Apache Hadoop is an industry standard for scalable analytical data processing. Many data analysis applications have been implemented as Hadoop MapReduce jobs and run in clusters around the world. Apache Flink can be an alternative to MapReduce and improves it in many dimensions. Among other features, Flink provides much better performance and offers APIs in Java and Scala, which are very easy to use. Similar to Hadoop, Flink’s APIs provide interfaces for Mapper and Reducer functions, as well as Input- and OutputFormats along with many more operators. While being conceptually equivalent, Hadoop’s MapReduce and Flink’s interfaces for these functions are unfortunately not source compatible.

Flink’s Hadoop Compatibility Package

To close this gap, Flink provides a Hadoop Compatibility package to wrap functions implemented against Hadoop’s MapReduce interfaces and embed them in Flink programs. This package was developed as part of a Google Summer of Code 2014 project.

With the Hadoop Compatibility package, you can reuse all your Hadoop

  • InputFormats (mapred and mapreduce APIs)
  • OutputFormats (mapred and mapreduce APIs)
  • Mappers (mapred API)
  • Reducers (mapred API)

in Flink programs without changing a line of code.

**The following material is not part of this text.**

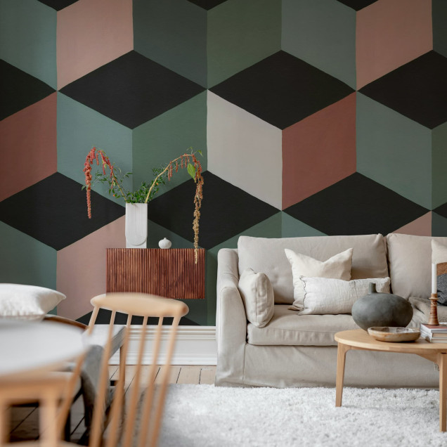 Acest tapet cu romburi colorate adaugă un plus de stil și originalitate oricărui interior. Perfect pentru living, dormitor sau birou. Un design modern și atrăgător!Materiale disponibile

Moreover, Flink also natively supports all Hadoop data types (Writables and WritableComparable).

The following code snippet shows a simple Flink WordCount program that solely uses Hadoop data types, InputFormat, OutputFormat, Mapper, and Reducer functions.

// Definition of Hadoop Mapper function
public class Tokenizer implements Mapper<LongWritable, Text, Text, LongWritable> { ... }
// Definition of Hadoop Reducer function
public class Counter implements Reducer<Text, LongWritable, Text, LongWritable> { ... } public static void main(String[] args) {
final String inputPath = args[0];
final String outputPath = args[1]; final ExecutionEnvironment env = ExecutionEnvironment.getExecutionEnvironment(); // Setup Hadoop’s TextInputFormat
HadoopInputFormat<LongWritable, Text> hadoopInputFormat =
new HadoopInputFormat<LongWritable, Text>(
new TextInputFormat(), LongWritable.class, Text.class, new JobConf());
TextInputFormat.addInputPath(hadoopInputFormat.getJobConf(), new Path(inputPath)); // Read a DataSet with the Hadoop InputFormat
DataSet<Tuple2<LongWritable, Text>> text = env.createInput(hadoopInputFormat);
DataSet<Tuple2<Text, LongWritable>> words = text
// Wrap Tokenizer Mapper function
.flatMap(new HadoopMapFunction<LongWritable, Text, Text, LongWritable>(new Tokenizer()))
.groupBy(0)
// Wrap Counter Reducer function (used as Reducer and Combiner)
.reduceGroup(new HadoopReduceCombineFunction<Text, LongWritable, Text, LongWritable>(
new Counter(), new Counter())); // Setup Hadoop’s TextOutputFormat
HadoopOutputFormat<Text, LongWritable> hadoopOutputFormat =
new HadoopOutputFormat<Text, LongWritable>(
new TextOutputFormat<Text, LongWritable>(), new JobConf());
hadoopOutputFormat.getJobConf().set("mapred.textoutputformat.separator", " ");
TextOutputFormat.setOutputPath(hadoopOutputFormat.getJobConf(), new Path(outputPath)); // Output & Execute
words.output(hadoopOutputFormat);
env.execute("Hadoop Compat WordCount");
}
 

As you can see, Flink represents Hadoop key-value pairs as Tuple2<key, value> tuples. Note, that the program uses Flink’s groupBy() transformation to group data on the key field (field 0 of the Tuple2<key, value>) before it is given to the Reducer function. At the moment, the compatibility package does not evaluate custom Hadoop partitioners, sorting comparators, or grouping comparators.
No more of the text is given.